# Maverick Model ET-732



## signalguys (Aug 16, 2012)

I just received my ET-732 today. I purchased it on Amazon.com for $58.74 with free shipping.

So far it looks good and after reviewing the instructions it is pretty easy to operate and is just what I needed.

It will be a couple of weeks before I can use it so I will update this post once I do.

Chris


----------



## bama bbq (Aug 19, 2012)

I look forward to your update.


----------



## bmudd14474 (Aug 23, 2012)

Chris you will love the ET-732. Can't wait to hear your feed back.


----------



## tjohnson (Aug 23, 2012)

Yup, you're gonna dig the ET-732

Great thermo for the $$$


----------



## signalguys (Aug 24, 2012)

I just bought two Briskets at $1.99 a pound and two Butts, buy 1 got 1 free, soi I hope to use it soon.


----------



## signalguys (Sep 9, 2012)

Yep, VERY NICE!!!!!

After the first use, I boil tested the Maverick because it differed from the temp probe on my smoker dome. I found the Maverick was within a few degrees of 212 but the dome was low by about 30 degrees. Was surprised the dome was that far off. I was able to calibrate it.

I was not even 50' from the smoker and received loss of signal alarms a few times.

I can't wait to use it again.


----------



## kdawg24 (Sep 30, 2012)

I just bought the Maverick 732 and used it for the first time.  My 22.5 WSM dome thermometer  was 38 degrees lower than the Maverick…the temp probe was on the top grate (clipped in, not touching any metal)…is this normal?….I always thought that the dome temp was supposed to be hotter.


----------



## jrod62 (Sep 30, 2012)

Did you do a boil test on the Maverick ?

here a "how to" on the boil test and ice bath test that Dutch did.

http://www.smokingmeatforums.com/t/...ur-thermometer-and-the-boiling-point-of-water


----------



## signalguys (Oct 3, 2012)

Did you get it figured out?


----------



## azfitch (Nov 28, 2012)

I picked up a maverick 732 thermometer and had a question on the install. I have an Old Country Brazos smoker. I'd like to see where others have their probe wires routed on their offsets. I don't want to run it through the door and risk damaging the wires. Does anyone have any pictures of where they drilled a hole to run their wires?   I was thinking about drilling a small hoke just above grate level on the side with the exhaust stack. Any help would be greatly appreciated. 
Thanks


----------



## davidhef88 (Nov 28, 2012)

I think I have read somewhere here that they wrap some foil loosely around the wires for protection. 

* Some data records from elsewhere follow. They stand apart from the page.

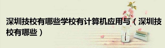 关于深圳技校有哪些学校有计算机应用与,深圳技校有哪些这个很多人还不知道,今天菲菲来为大家解答以上的问题,现在让我们一起来看看吧!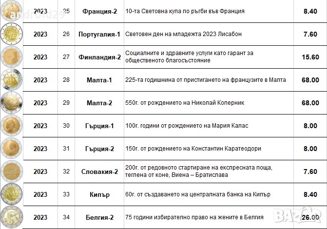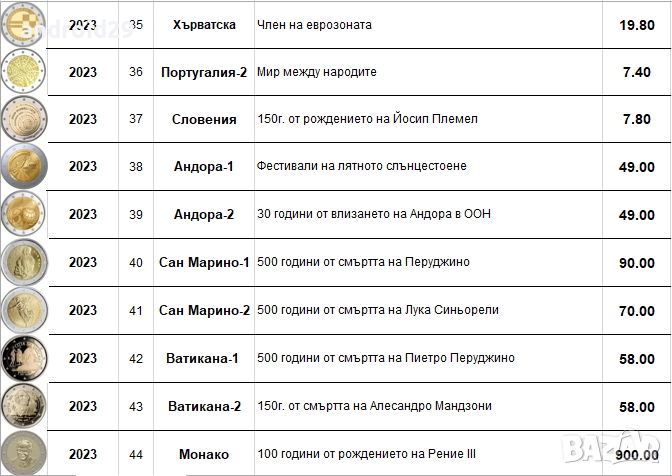 2023 35 Хърватска Член на еврозоната 27.80лв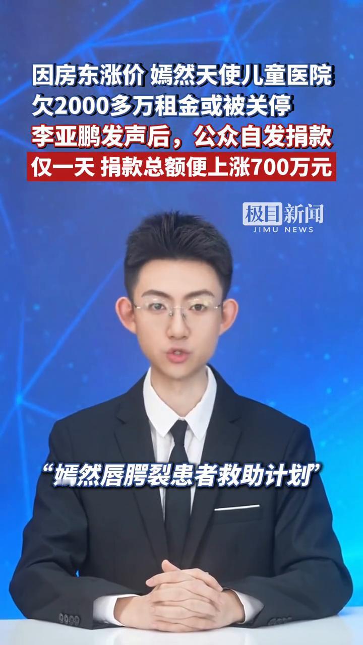 因房东涨价嫣然天使儿童医院欠2000多万租金或被关停,李亚鹏发声后公众自发捐款。 仅一天捐款总额便上涨700万元,网友用真金白银给了李亚鹏一个温暖的反转。近日李亚鹏旗下嫣然天使儿童医院陷入拖欠租金风波,1月14日他发视频提到过去10年间医院完成了一万一千台唇腭裂手术,其中7000名患儿全额免费。 欠租是房东在2019年要求房租翻倍,因医院搬迁困难不得不答应要求。过去5年李亚鹏已支付2500万,欠下的2600万其实是翻倍增长的部分。李亚鹏红着眼眶承认法理上确实欠租,情怀大过了能力。这段视频让全网破防,不少网友涌入"嫣然唇腭裂患者救助计划"入口捐款。 1月16日上午极目新闻记者注意到对比15日上午的212万元捐款总额已达到936万,仅一天时间就上涨了700多万元。嫣然出名 嫣然天使童医院 嫣然儿童医院 嫣然天使儿童院 嫣然出名 嫣然天使童医院 嫣然儿童医院 嫣然天使儿童院 嫣然天使公益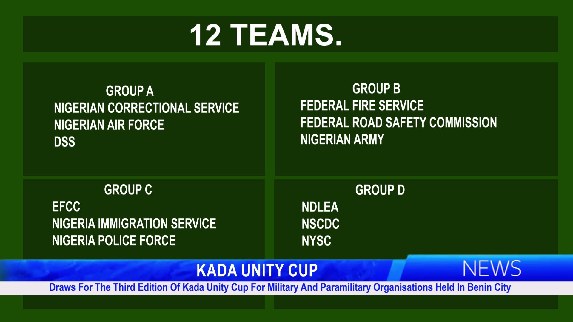 The draws for the third edition of the Kada Unity Cup for military and paramilitary organisations, scheduled to kick off on the 1st of February 2026, have been conducted in Benin City.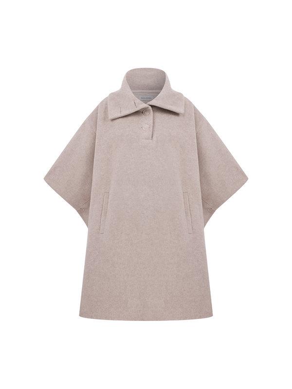 Nazlı Ceren crafts the Jarine Poncho in warm camel tones from a soft wool blend fabric, making it the perfect layering piece for any season. Designed with a buttoned collar for added style and comfort, this poncho effortlessly combines elegance and versatility, offering a chic solution for transitional weather.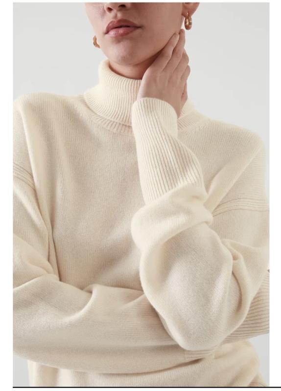 Этот шикарный кашемировый джемпер свободного , удобного кроя – незаменимый элемент многослойной одежды для холодной погоды. Молочный цвет высокое горло и ребристые манжеты.на ощупь невероятно мягкий, состояние нового, размер М 100% кашемир GCS Під руками по 56-57, плечі опущено 56,руках 59, довжина по спинці від горловини 68, низ по 41
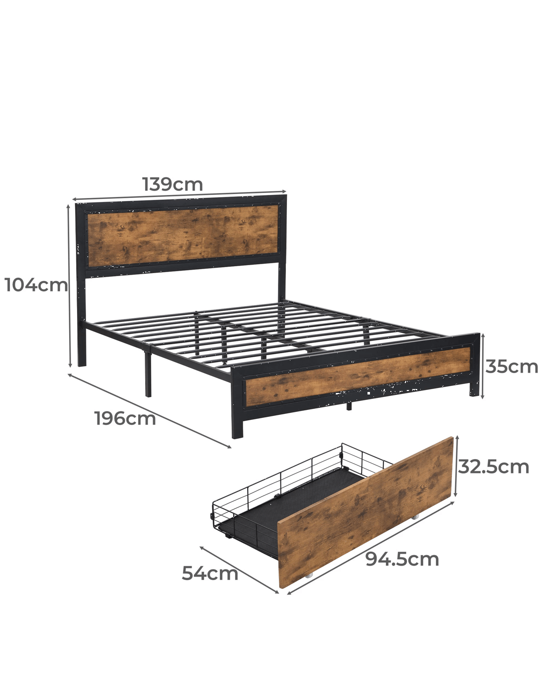 Bed frame (double): 196cm x 139cm x 104cm (W x D x H)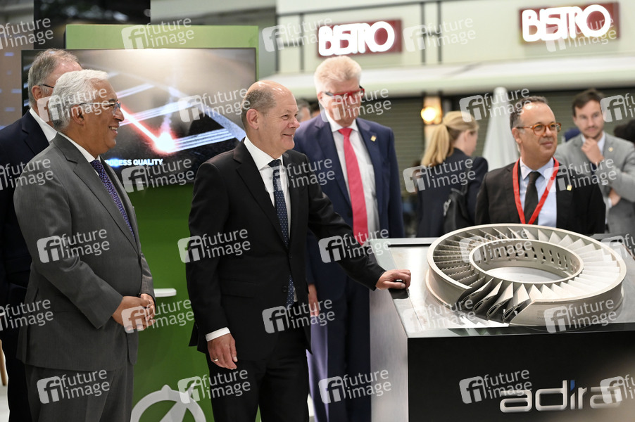 Antonio Costa und Olaf Scholz beim Eröffnungsrundgang am Stand von Adira auf der Hannover Messe 2022 auf dem Messegelände. Hannover, 30.05.2022

Sent via Tap-A-Yap from David.


----------



## bama bbq (Nov 28, 2012)

Davidhef88 said:


> I think I have read somewhere here that they wrap some foil loosely around the wires for protection.
> Sent via Tap-A-Yap from David.


I agree... or you'll fry them.


----------



## azfitch (Nov 29, 2012)

Thanks for reply. Had anyone drilled a hole for more permanent option?


----------



## exromenyer (Dec 7, 2012)

Purchased my dual probe ET 732 and plan on using it this weekend for smoking some Pork Butts.  I've read these directions inside and out, called the Customer Service number and cannot get the COUNT UP feature to work... Probably got a dud with the luck I have been having... Cleaned the MES 40 window so I was burning off the alcohol I used and it seems as if it is reading very high in inside temp.  I suspended it from the middle top rack with the clip and also moved it to the middle to see if that changed.  My trusty stove thermometer is working fine and reflecting close to what the MES temp is saying but this Maverick is showing really high temps.  I calibrated the meat probe part in a pot of boiling water and it read 212* which is correct. 

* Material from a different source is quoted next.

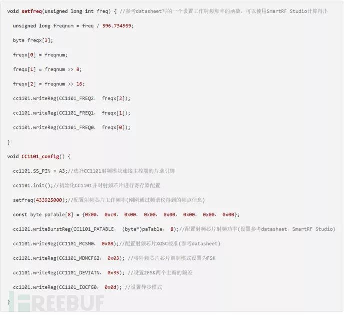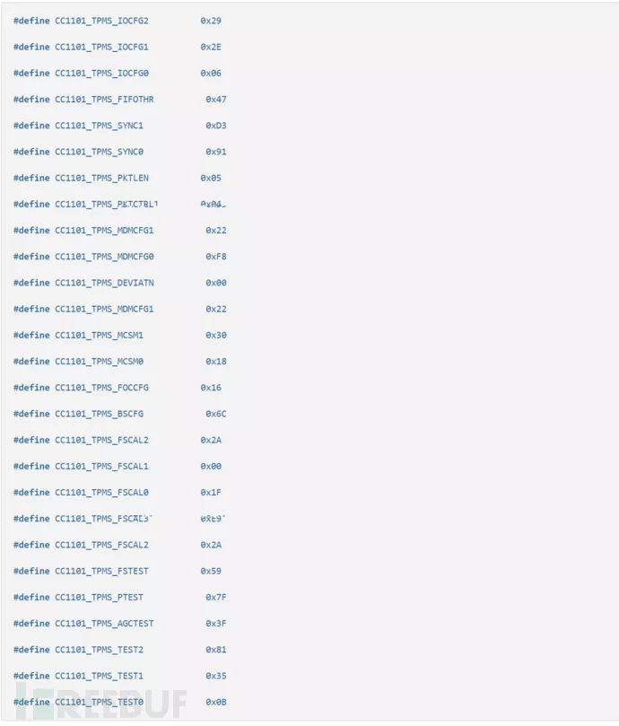 这个是根据胎压传感器信号生成的CC1101寄存器的配置,可以通过SmartRF Studio配置完参数后导出,不过有些寄存器是不支持IDE去进行设置的,必须是根据芯片的datasheet去修改的,比如说让射频芯片处于异步模式,切换射频芯片的工作状态等等。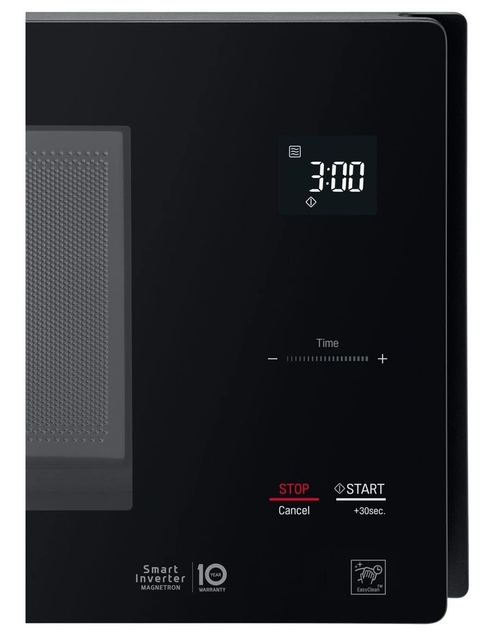 Sleek Minimalist Design.ย A single piece of tempered glass on the front door creates a modern, stylish appearance. Reduce cooking and reheating time with up to 1200W of power, compared to a 1000W LG conventional microwave oven. The Anti-Bacterial EasyClean interior coating makes cleaning simple and convenient. Just a few wipes are all it takes to clean the microwave interior. The coating eliminates 99.99 percent* of harmful bacteria from the surface.

Any one have any suggestions besides returning it soon ?

Thanks

Tony


----------



## s2k9k (Dec 7, 2012)

Tony, did you check both probes in boiling water?


----------



## exromenyer (Dec 7, 2012)

S2K9K said:


> Tony, did you check both probes in boiling water?


No I didn't calibrate both probes... I will let it cool and try that..... but it seems to be reading 15-20* more than it should... I set the MES at 225* and it's reading 251*.  I pulled the chip loader out and then tried it still reading high them put it all the way in as well still reading high....


----------



## s2k9k (Dec 7, 2012)

The therm on the MES is notorious for being inaccurate, I would check the Mav in boiling water and if it's 212* I would go by it and not the MES.


----------



## exromenyer (Dec 7, 2012)

S2K9K said:


> The therm on the MES is notorious for being inaccurate, I would check the Mav in boiling water and if it's 212* I would go by it and not the MES.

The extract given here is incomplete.